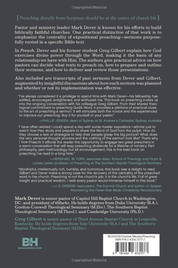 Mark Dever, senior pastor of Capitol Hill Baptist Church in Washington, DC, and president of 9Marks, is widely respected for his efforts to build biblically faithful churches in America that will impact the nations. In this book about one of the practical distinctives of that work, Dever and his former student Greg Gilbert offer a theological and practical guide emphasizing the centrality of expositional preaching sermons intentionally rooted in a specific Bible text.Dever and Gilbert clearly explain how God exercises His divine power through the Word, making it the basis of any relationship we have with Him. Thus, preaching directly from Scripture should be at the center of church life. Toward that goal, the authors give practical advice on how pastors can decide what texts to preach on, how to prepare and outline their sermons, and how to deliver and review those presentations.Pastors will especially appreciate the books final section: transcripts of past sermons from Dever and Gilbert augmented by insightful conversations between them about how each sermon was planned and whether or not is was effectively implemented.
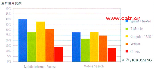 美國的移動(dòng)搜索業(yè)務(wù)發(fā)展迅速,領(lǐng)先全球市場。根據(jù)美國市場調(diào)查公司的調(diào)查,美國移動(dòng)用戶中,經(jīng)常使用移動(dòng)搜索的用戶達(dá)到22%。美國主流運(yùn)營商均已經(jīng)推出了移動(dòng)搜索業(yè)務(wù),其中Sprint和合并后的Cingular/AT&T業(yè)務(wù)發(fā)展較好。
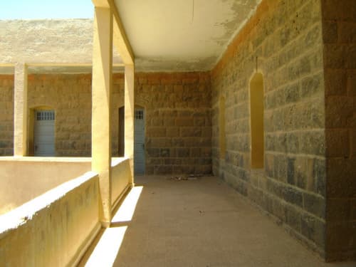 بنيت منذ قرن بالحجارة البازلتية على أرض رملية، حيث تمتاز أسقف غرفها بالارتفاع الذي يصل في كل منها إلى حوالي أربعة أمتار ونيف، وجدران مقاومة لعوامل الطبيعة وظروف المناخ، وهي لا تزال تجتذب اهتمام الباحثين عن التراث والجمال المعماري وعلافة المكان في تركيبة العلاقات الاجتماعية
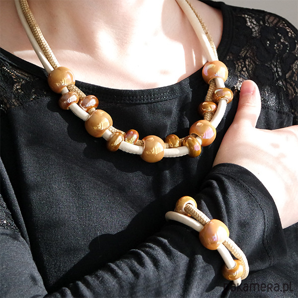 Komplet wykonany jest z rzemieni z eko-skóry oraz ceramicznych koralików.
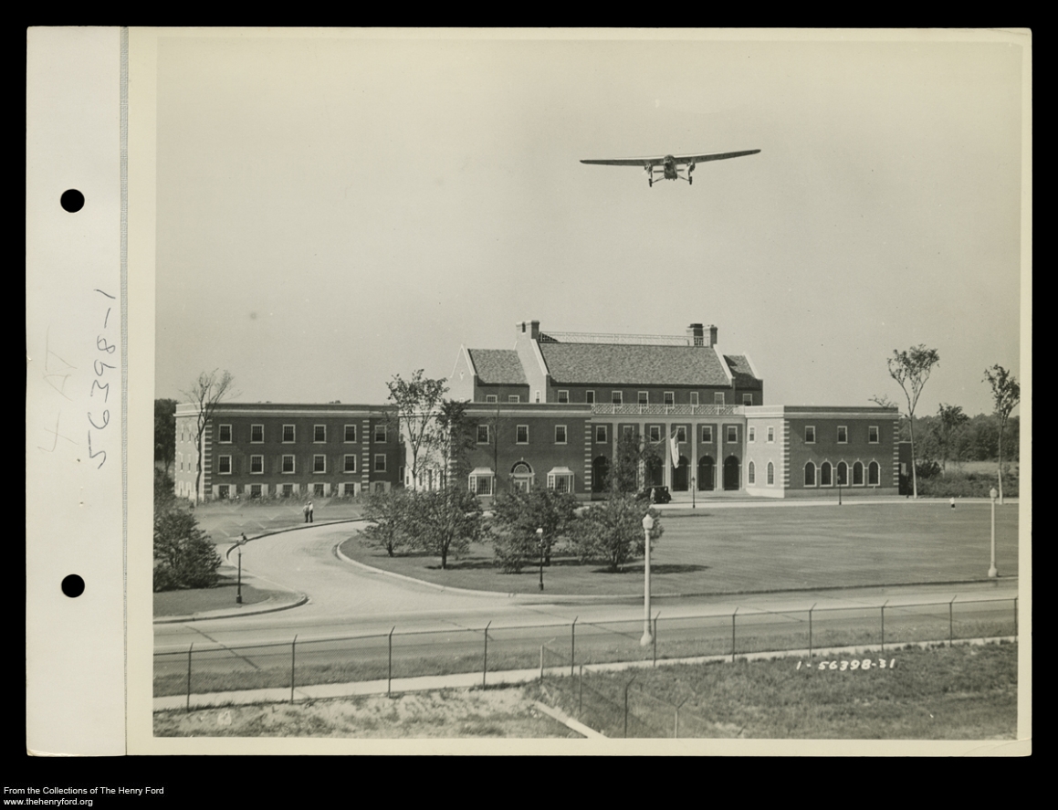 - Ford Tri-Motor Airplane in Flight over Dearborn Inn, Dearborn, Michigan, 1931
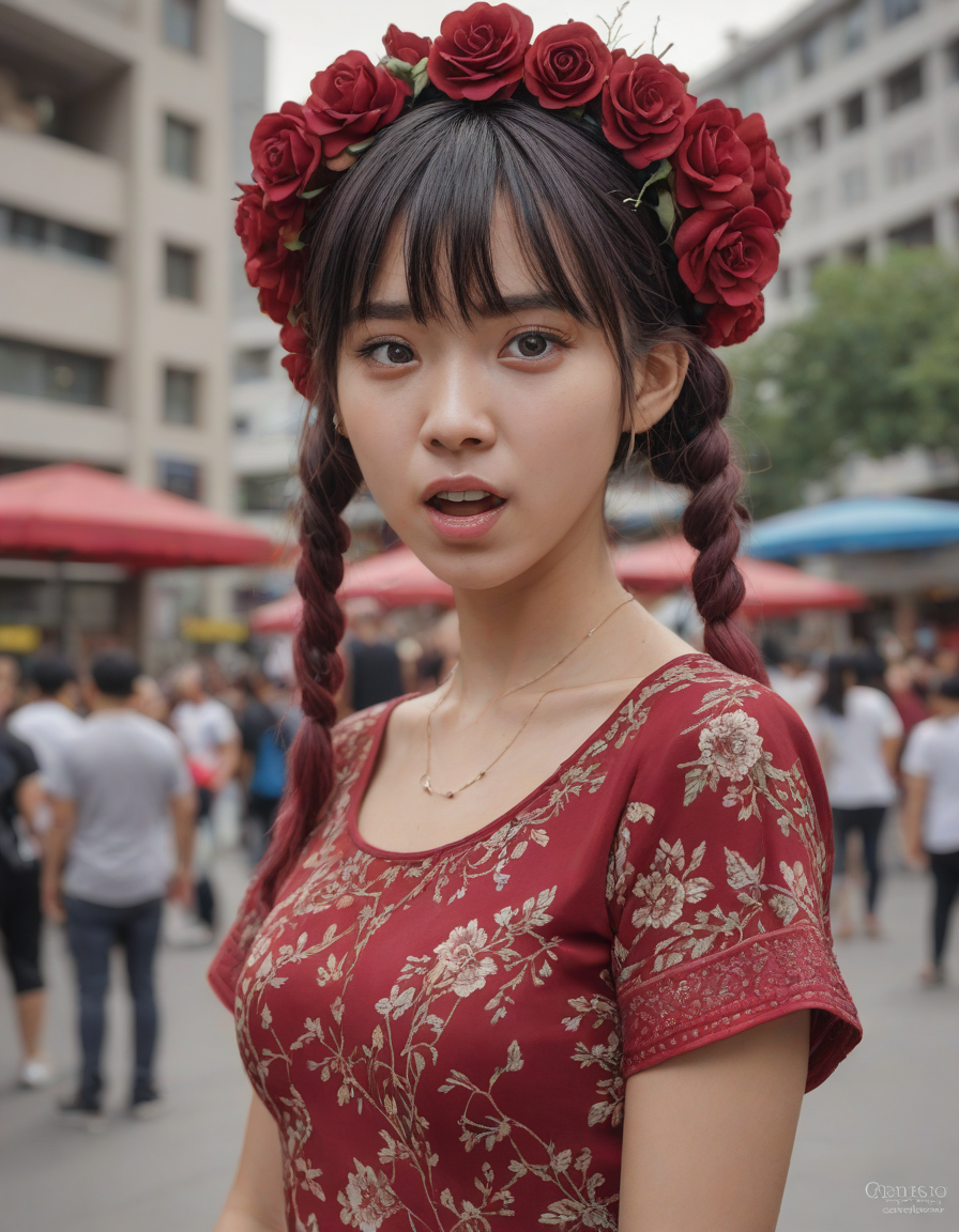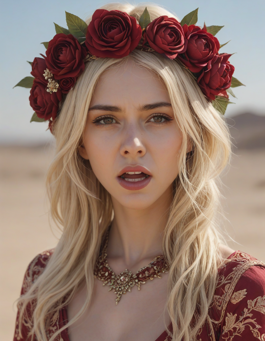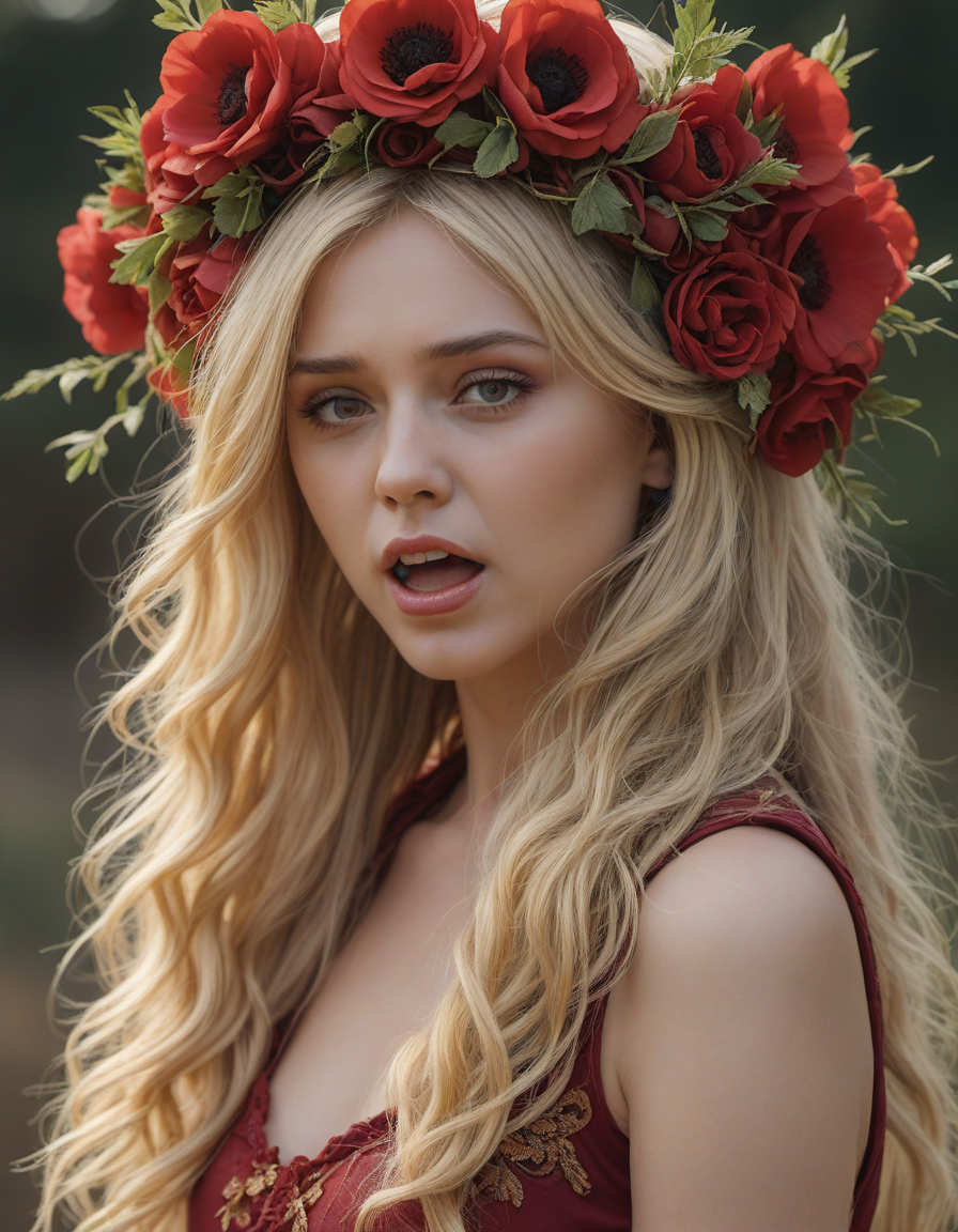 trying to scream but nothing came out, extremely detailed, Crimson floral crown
_ _ _ _ _ _ _
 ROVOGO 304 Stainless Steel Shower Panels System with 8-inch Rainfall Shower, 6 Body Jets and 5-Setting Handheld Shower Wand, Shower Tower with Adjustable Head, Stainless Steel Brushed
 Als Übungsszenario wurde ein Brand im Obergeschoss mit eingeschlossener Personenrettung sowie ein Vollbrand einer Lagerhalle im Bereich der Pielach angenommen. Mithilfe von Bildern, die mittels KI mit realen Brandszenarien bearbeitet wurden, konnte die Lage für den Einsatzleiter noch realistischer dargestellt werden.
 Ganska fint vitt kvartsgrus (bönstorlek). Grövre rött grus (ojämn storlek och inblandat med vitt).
_ _ _ _ _ _ _
### What to produce
Taking the entries above, copy word for word the lines from the one with "بنيت منذ قرن" up to and including the one with "trying to scream", without any picture.

### Output for this task
 بنيت منذ قرن بالحجارة البازلتية على أرض رملية، حيث تمتاز أسقف غرفها بالارتفاع الذي يصل في كل منها إلى حوالي أربعة أمتار ونيف، وجدران مقاومة لعوامل الطبيعة وظروف المناخ، وهي لا تزال تجتذب اهتمام الباحثين عن التراث والجمال المعماري وعلافة المكان في تركيبة العلاقات الاجتماعية
 Komplet wykonany jest z rzemieni z eko-skóry oraz ceramicznych koralików.
 - Ford Tri-Motor Airplane in Flight over Dearborn Inn, Dearborn, Michigan, 1931
 trying to scream but nothing came out, extremely detailed, Crimson floral crown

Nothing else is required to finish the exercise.